Killing a Monster by Teaching : A Conversation with an English Teacher at Hills

Meet Wonderful English Teacher Laxmi who is trying hard to Kill the Ghost of English in students at remote

Meet wonderful English teacher ( Teach For Nepal fellow) Laxmi who is trying hard to Kill the Ghost of Learning English in students at remote village called Ashrang in Nepal.

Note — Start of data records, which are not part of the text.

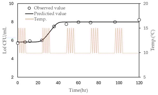 The models were further validated using growth data obtained from inoculated liquid whole egg stored under non-isothermal conditions, where the temperature fluctuated between 10 °C and 15 °C over a 24-h period with four cycles of temperature change (Figure 3). The observed LT and μmax were 31.776 h and 0.076, respectively, while the predicted LT was 34.498 h. The predicted µmax values were 0.163 using the polynomial model and 0.142 using the modified Ratkowsky model. These results indicate that the predictions of the model are reasonably close to the observed values and demonstrate the model’s reliability for predicting microbial growth under fluctuating temperature conditions.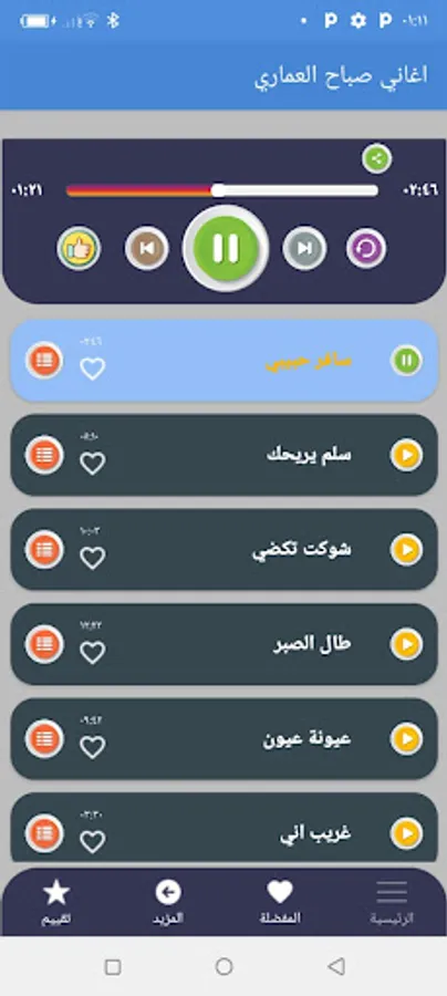 If you liked the application of the songs of aghani Sabah Al-Amari without the Internet, do not forget to leave us a comment and evaluate the application of the songs of 2021 without the net with five stars, please
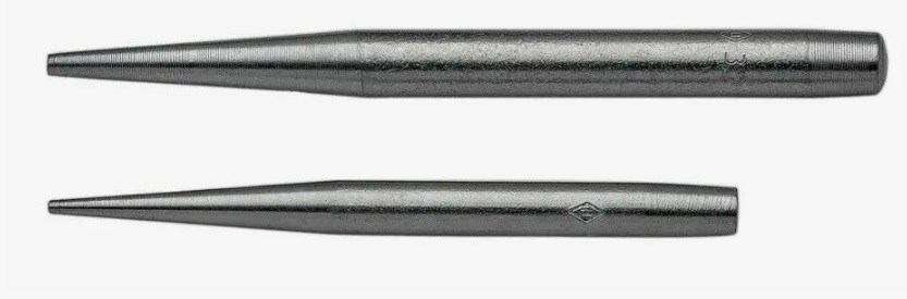 Бородок конический УСПЕХ изготовлен из прочной хромованадиевой стали, отличающейся долгим сроком службы. Представляет собой стержень с наконечником в виде усеченного конуса. Приспособление применяется для нанесения разметки или выбивания отверстий на листовых материалах. Используется в слесарной работе.

She says no body will believe she going to the hills where mobile networks wouldn’t reach, where narrow roads will take her away from her home and her family to somewhere unreachable from technology she is enjoying at her home town Kathmandu. People would rather suggest her to go abroad as other hundreds and thousands of Nepalese who fly away for better future of themselves. But here is Laxmi Khatri, who is  breaking away the tradition that her friends and family would do and going to somewhere to “teach”. Nepal is somewhere, where teaching job is the most unwanted job as it pays less, facilities are less and may be it is the last option one would do. But it is not same for people like Laxmi, who is young, energetic and courageous to go to the hills, leaving a development career in Kathmandu and start up a completely different career as a teacher in the remotest area of Nepal as a Teach For Nepal fellow. Teach For Nepal is working with young, energetic graduates like Laxmi to help enriching teaching in Nepal and adding a brick to the Nepali academia by targeting remotest parts of Nepal.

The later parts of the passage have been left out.